Diese Probleme dürften nun ein für alle Mal der Vergangenheit angehören, wenn man Reillys Versprechungen glauben darf. Denn Entscheidungen über neue Modelle und Forschungsschwerpunkte sollen künftig in Rüsselsheim getroffen werden, nicht in den Türmen im fernen Detroit. Mit Autos “Made in Europe“ will Opel sein angestaubtes Image verbessern, Marktanteile in Europa zurückgewinnen und neue Kunden in bisher brachliegenden Märkten etwa in Asien erschließen.

Ihre Modellpalette halten sie im Stammwerk Rüsselsheim jedenfalls für wettbewerbsfähig, zumal in diesem Jahr noch wichtige Fahrzeuge auf den Markt kommen. Der Astra-Kombi soll an den Erfolg des größeren Insignias anknüpfen, während der neue Mini-Van Meriva mit cleverem Innenraum sowohl junge Familien als auch ältere Stammkunden ansprechen könnte. Reilly hat zudem weitere neue Modelle wie einen Lifestyle-Mini und ein Cabrio angekündigt. “Opel hat durchaus einen Vorsprung bei der Entwicklung und dem kostengünstigen Bau von Kleinwagen“ sagt Wolfgang Meinig, Leiter der Bamberger Forschungsstelle Automobilwirtschaft (FAW).

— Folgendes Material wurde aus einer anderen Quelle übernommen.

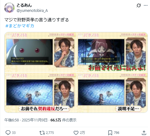 於今日(11/9)播出時,當狩野英孝聽到少女們與丘比契約內容的真相時,立刻對丘比吐槽:「你這傢伙怎麼不早講啦!」還直言「我真的討厭你~」。這樣的評語也火速在日本X上掀起話題。
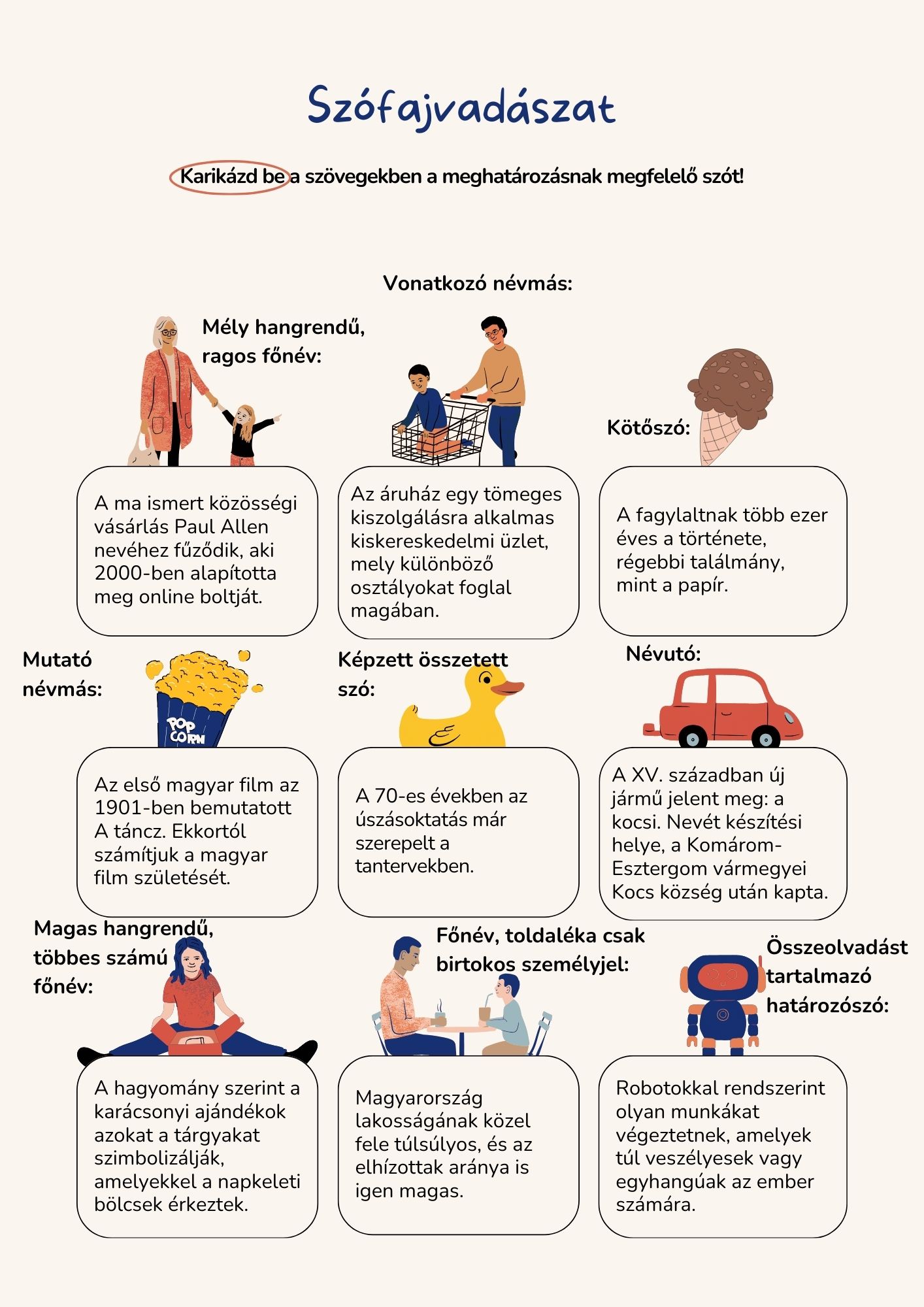 A nyelvtan alapja a szófajok ismerete. Játékos feladatlapunkkal segítünk megérteni, készségszintre fejleszteni a szófajok rendszerének elsajátítását, mely a felvételi vizsga vázát jelenti.
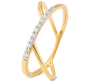 A ring that sits on your finger in a not-so-traditional way, this 14KT yellow gold ring has two parallel curves emerging out of the main element, which gives a criss-cross look when you wear it. And of course, the main element of the ring is again equipped with eleven round brilliant cut diamonds of SI2 clarity grade and I-J colour range. The diamonds sit on a rhodium-plated pave setting.

Vertrauensverlust ist das Problem

Das eigentliche Problem sei der Vertrauensverlust der Verbraucher, der mit der Ersparnis durch die nun abgesagten Staatsbürgschaften nie hätte aufgewogen werden können. Dies habe Reilly endlich erkannt und konzentriere sich nun auf Produktentwicklung und Effizienzsteigerung. “Opel muss jetzt hart arbeiten und Ruhe bewahren“, meint Meinig. Ein Pluspunkt seien die “tapferen“ Händler, die Opel die Treue hielten.

Der Auto-Professor Markus Voeth aus Hohenheim bei Stuttgart verwendet Opel als Paradebeispiel, wenn er seinen Studenten die Zerstörung einer Marke erklärt. Das Ende des Polit-Hick-Hack könne Opel nur nutzen. Das Unternehmen sei aber noch weit von seinem Ziel entfernt, beim Publikum als “grüner Volumenhersteller“ zu gelten, lautet seine Bestandsaufnahme.

Elektro-Autos Marke Opel

Weit vorn unter den deutschen Herstellern ist Opel im Verbund mit dem Mutterkonzern General Motors immerhin in Sachen Elektroauto. Der in Rüsselsheim entwickelte, aber zunächst nur in Detroit gebaute Opel Ampera kommt in Europa im kommenden Jahr in die Verkaufsräume, in den USA als Chevrolet Volt schon 2010. Im Unterschied zu anderen E- Konzepten ist der Elektro/Benzin-Hybrid durchaus alltagstauglich und legt kurze Strecken ausschließlich mit Strom zurück. Größere Verkaufszahlen erwartet aber nicht einmal Opel selbst.